I worked from a sketchup he sent me.















In the next post I will detail how I got to that point.


----------



## CyberDruid (Mar 20, 2008)

Parts cut to size.





Something like that.





Plans call for a fan controller...so I have to modify this one by trimming the PCB.









That's the basic idea...I used acrylic specific drill bits to make a snug fit for the LEDs.





I taped off the back of the reservoir panel and sketched my signature glyph: the spiral-bolt. I've been using this symbol for decades. After cutting it out with a razor I etched it in the blast cabinet.





The blues is the tape on the otherside...





Zap





I skipped a lot of the fiddly bits...drilling and tapping the ports, blocking the edges, sizing all the pieces yada yada. Here I am at final assembly.





Something as simple as a small box is actually pretty hard to do if you need it to be "perfect" and water-tight...

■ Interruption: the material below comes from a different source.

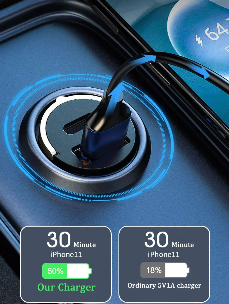 ✅Charging two devices at the same time - The on-board charger can charge two devices at the same time. When charging two devices at the same time, fast charging is supported.

The only I altered in the design was to add a port on the back of the reservoir because I had a feeling the one on the bottom might not work out due to the depth of the fan controller.













That's a wrap.


----------



## DanishDevil (Mar 20, 2008)

Looks sweet!  I like the idea of a reservoir and fan controller in one.  How does the fan controller stay in place other than the snug fit and plexi stand for it?


----------



## intel igent (Mar 20, 2008)

me likey! great mod as always Cyber 

how did you manage to remove the knobs off of the controller? were they just a tight fit or?


----------



## CyberDruid (Mar 20, 2008)

The acrylic plate mounts over an opening in an enclosure.

The fan controller knobs come off easily. I had to remove the washers and face plate and trim the PCB on the table saw about 5/32" to get the threads to protrude through the panel.


----------